The eight-legged oracle has become a FIFA World Cup sensation by correctly forecasting all seven Germany games in South Africa and he finished the tournament in style by predicting a Spanish victory in the Soccer City sign-off.
As Paul foretold last week, Spain won their first world title after Andres Iniesta's 116th-minute strike broke the Netherlands' hearts. The tentacled tipster also correctly predicted Germany would beat Uruguay in Saturday's third place play-off.
In the now familiar routine, two boxes were lowered into his tank last week, each containing a mussel and the flags of the two opposing teams. Paul went straight to the correct box both times, wrenched open the lid and gobbled the tasty morsel.
So how does he do it? Luck or paranormal powers? Octopi are highly intelligent, so I don't find it impossible that one could have some sort of low-level psychic ability. When I first heard about this I wondered if it had something to do with the colors on the flags of the various countries since octopi also have highly developed color vision, but what are the odds that in every match the team with the flag that looked most aesthetically pleasing to an octopus would win?
It could just be chance, remarkable as that may seem. In fact, it sounds like a lot of folks were using animals to predict the World Cup and if there are enough of them out there at least one was bound to guess all the matches correctly. For example, a man in Singapore claimed that his
psychic parakeet had also racked up an impressive record of predictions and picked the Netherlands to win the final, whereas Paul picked Spain. Paul proved right, but no matter what the outcome was one of the two was going to be correct.

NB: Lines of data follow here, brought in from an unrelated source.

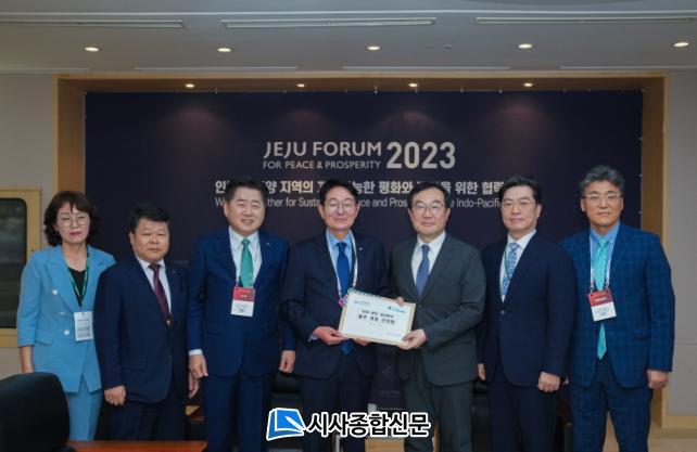 ¿À¿µÈÆ Áö»ç¿Í ±è°æÇÐ Á¦ÁÖµµÀÇȸ ÀÇÀåÀÌ ¿Â µµ¹ÎÀÇ ¿°¿øÀ» ´ã¾Æ ¼¸íÇÑ À̹ø °ÇÀǹ®À» ÅëÇØ ´Ù¾çÇÑ ±¹Á¦È¸ÀÇ ¹× Á¤»óȸÀÇ °³ÃÖ °æÇè°ú ÀÎÇÁ¶ó, À¯³×½ºÄÚ 3°ü¿Õ¿¡ ºû³ª´Â õÇýÀÇ ÀÚ¿¬È¯°æ ¹× ³¯¾¾ µî ±¹Á¦È¸ÀÇ °³ÃÖ ÃÖÀûÁö·Î Á¦ÁÖÀÇ °Á¡°ú APEC Á¦ÁÖ °³ÃÖ¸¦ ÅëÇÑ ±â´ëÈ¿°ú¸¦ °Á¶Çß´Ù.
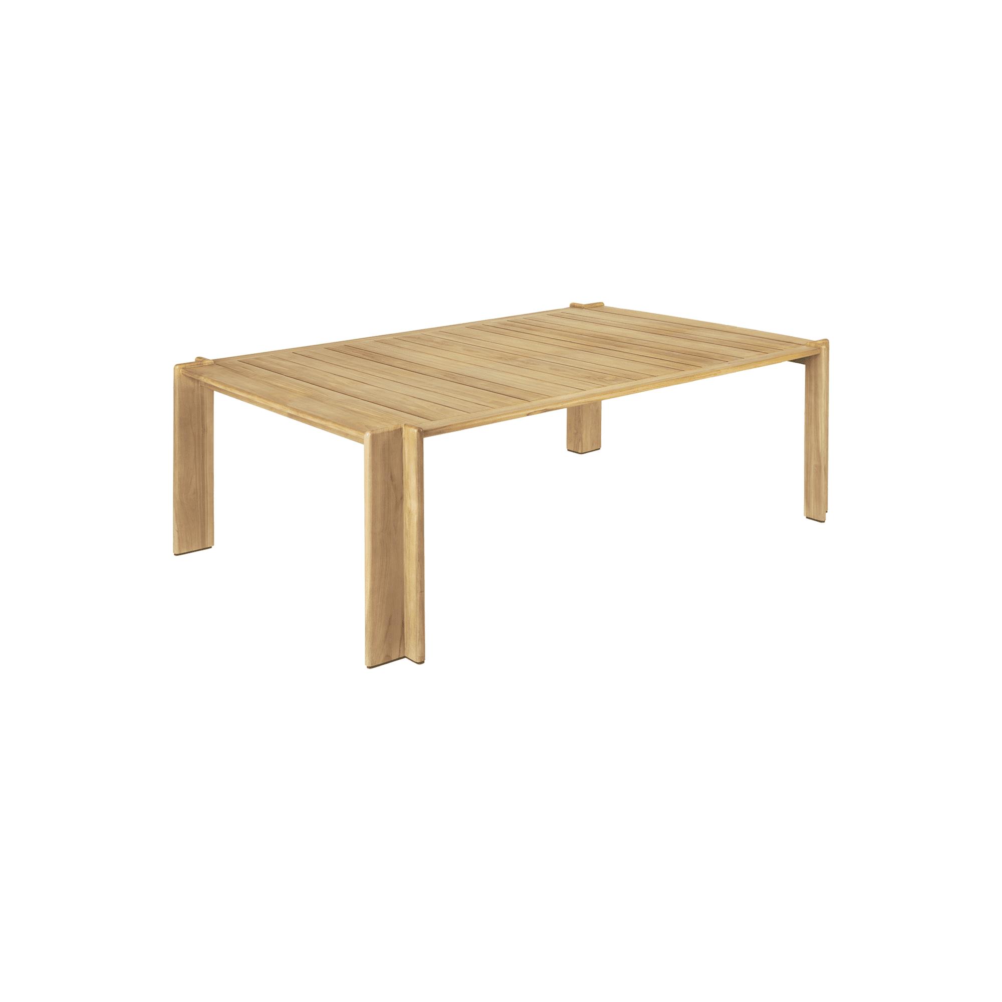 The tables’ simple aesthetics maintain an understated poise with a nod to classic references without being too formal. The tabletops are made from rhythmic, repeating slats of solid, premium teak, enclosed by a frame made from the same slats, giving a minimalist feel. The table legs are formed from two vertical slats, using a miter joint that creates an inverted ‘L-shape’ on each corner. Referencing architectural and maritime design, the unusual leg design provides both structural support and visual interest, giving the piece a certain lightness. Each leg protrudes slightly above the tabletop surface, culminating in a rounded detail in contrast to the geometric lines of the structure, that gives a calm composure to the design.
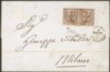 Affrancata con coppia bene marginata del 10 cent con il primo es. con errore N coricata (9i/9) - annullo Posta Lettere Reggio in d.c. con stemma al centro - rarità - cert. A. Diena + E. Diena
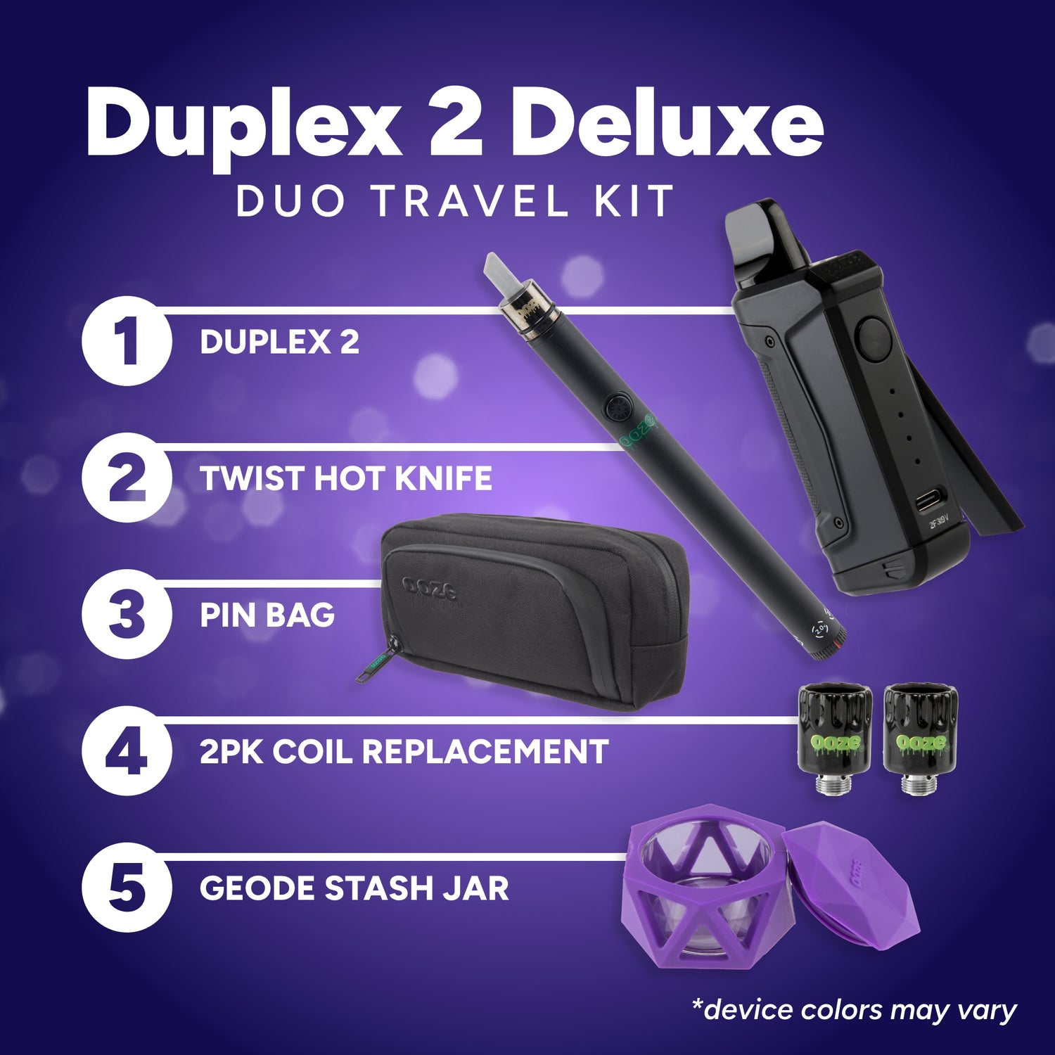 This is it, the ultimate Duplex 2 go bag! You’ve got the 3-in-1 (510 carts, dab bucket, dab straw) Duplex 2 device, the Twist Hot Knife that also works with 510 carts, a 2pk of replacement atomizers, a stash jar for wax, and a smell proof pouch to keep it all organized.

Some fans seemed to believe that the octopus was influencing the games in some way.
But the art of football predicting has become a dangerous job for the English-born clairvoyant. He fell offside with bitter German fans who threatened to turn him into sushi after he predicted a semi-final defeat for the Mannschaft against Spain.

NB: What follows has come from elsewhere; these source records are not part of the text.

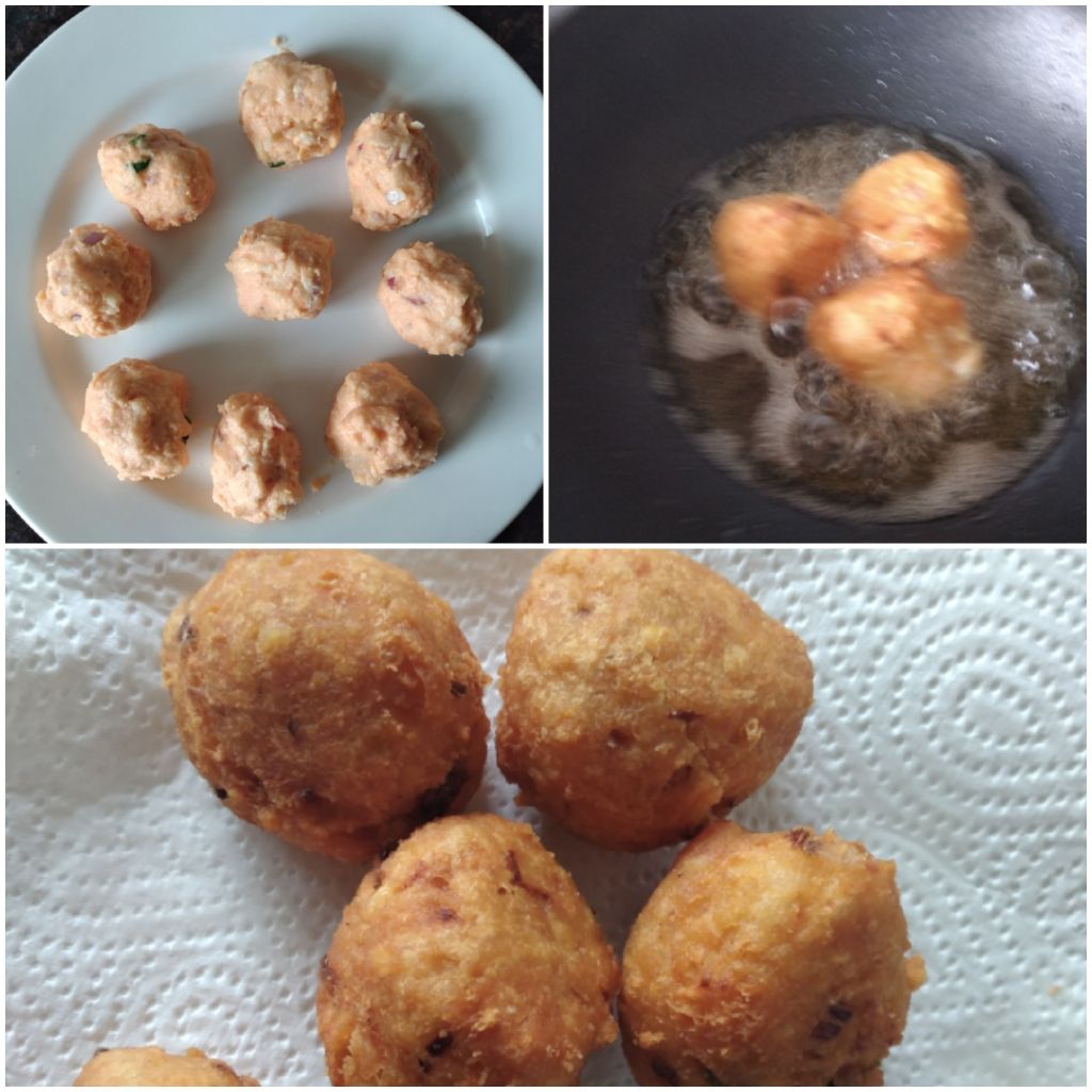 8. Deep fry them over low heat. It takes about 3 to 4 minutes for a batch of three balls.
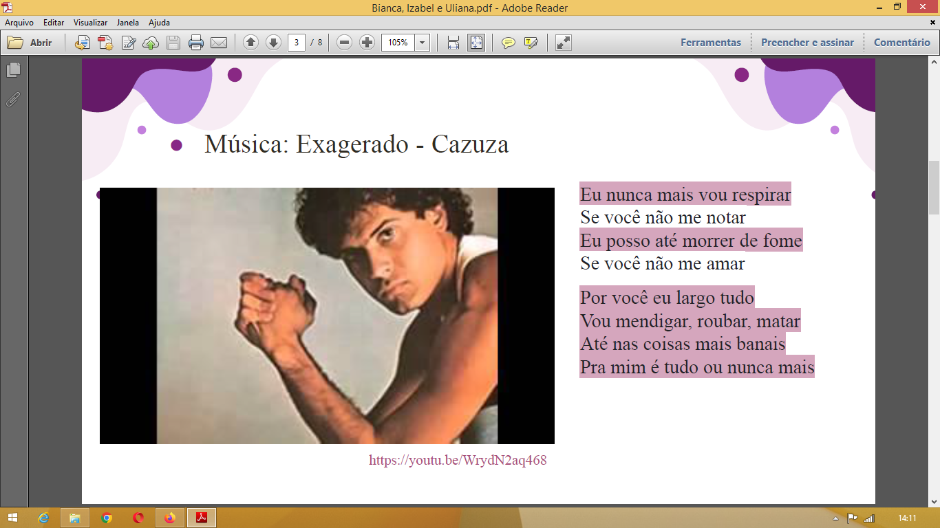 Divididos em duplas e trios os estudantes deveriam identificar cinco figuras de linguagem em letras de músicas nacionais e depois explicar o conceito de cada figura e exemplificar com o trecho da música. A atividade obteve uma boa aceitação das turmas, pois as músicas e as figuras de linguagem apresentadas foram escolhidas pelos estudantes, com a supervisão do professor.
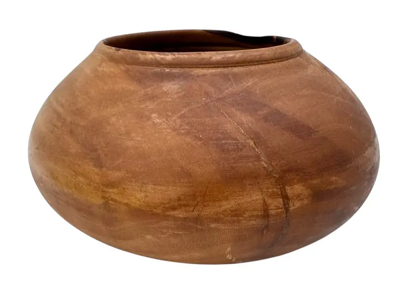 Condition: Cracks in vase previously filled in with glue. Dimensions: 5” wide & 2.75” tall
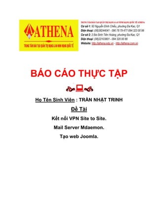 Báo cáo thực tập mô tả quy trình kết nối VPN site to site, thiết lập mail server MDaemon và tạo web Joomla. Tài liệu nêu rõ các bước thực hiện, định nghĩa VPN, mục đích của nó, cũng như cách cài đặt các dịch vụ liên quan trên hệ thống máy chủ. Các kết quả cuối cùng cho thấy khả năng chia sẻ tệp giữa hai máy khách đã được thiết lập thành công.

Paul's home, an aquarium in western Germany, has received death-threat emails saying "we want Paul for the pan," said entertainment supervisor Daniel Fey. No less an authority than Spanish Prime Minister Jose Luiz Rodriguez Zapatero has called for octopus bodyguards. Spanish Industry Minister Miguel Sebastian has called for the creature to be given an "immediate" free transfer to Spain to "ensure his protection."
Stung by Paul's "treachery" at picking Spain over Germany in last Wednesday's semi-final, some sections of the 350,000-strong crowd watching the game on giant screens in Berlin sang anti-octopus songs.

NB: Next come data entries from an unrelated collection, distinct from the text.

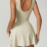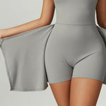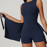 Otkrijte našu premium sportsku haljinu, dizajniranu s ugrađenim šortsem i elegantnim bočnim prorezom za maksimalnu udobnost i slobodu pokreta. Izrađena od našeg jedinstvenog materijala (75% poliamid – 25% elastan), pruža savršenu fleksibilnost.
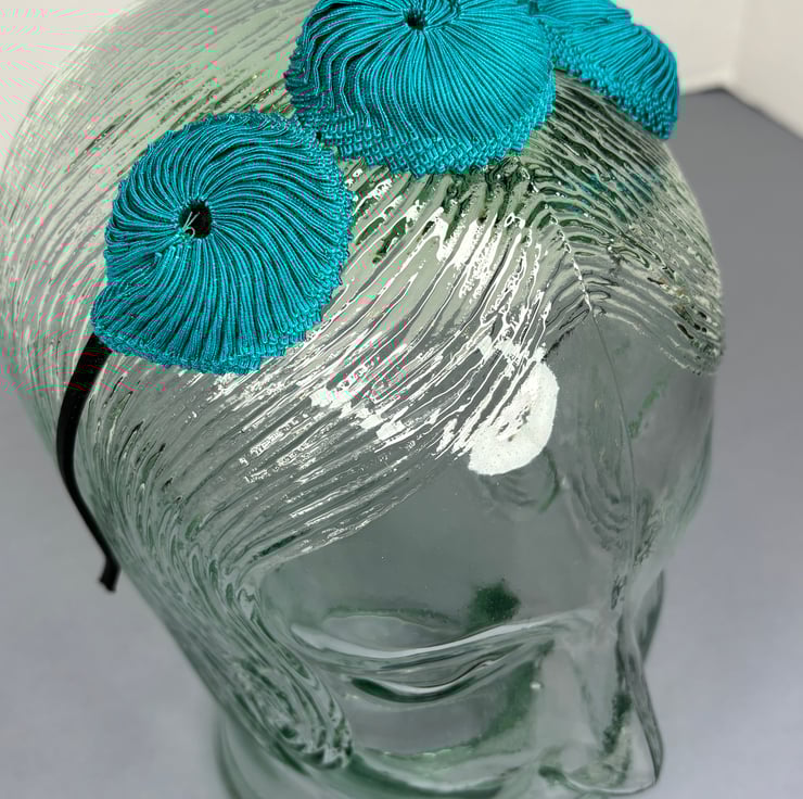 Beautiful headband trimmed with handmade petersham nautilus. This special headband is made with beautiful cotton petersham ribbon and is perfect party wear!
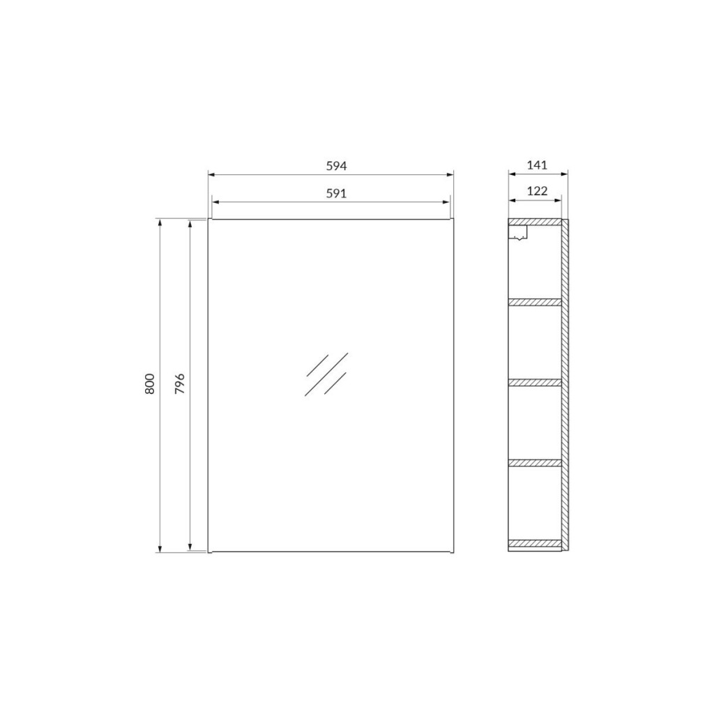 Závesná skrinka so zrkadlovým čelom a 3 policami vo vnútri, ktorá poslúži ako zrkadlo aj ako miesto na uloženie drobnej kozmetiky. Skriňa má bezúchytkový systém otvárania dvierok a tiché „ soft close “. Korpus skrine je vyrobený z laminovanej drevotriesky.

While I doubt the cephalopod is sitting in its tank casting spells, fans might have a point. Professional sports is played by athletes who are so good that there's barely any difference in ability between them. In that world an elite player is only a tiny fraction of a percent better than a mediocre one. With the amount of media attention Paul got as his predictions proved correct there's no way that the players wouldn't have heard of his picks. If that undermined the confidence of the team picked to lose by even a minuscule amount it may have been enough to change the outcome of at least some of the matches.
A better method for testing the octopus' psychic powers would have been to set up some sort of double-blind test where the prediction was made but not announced until after the match was played. But unfortunately with the short lifespan of an octopus Paul won't get that chance, at least not at next year's World Cup.
His prediction of a Spanish victory is expected to be the last for Paul, who in octopus terms is a pensioner, at the grand old age of two-and-a-half. Octopuses generally live three years at the latest.
Maybe next year scientists could try testing that parakeet from Singapore. Birds live a lot longer.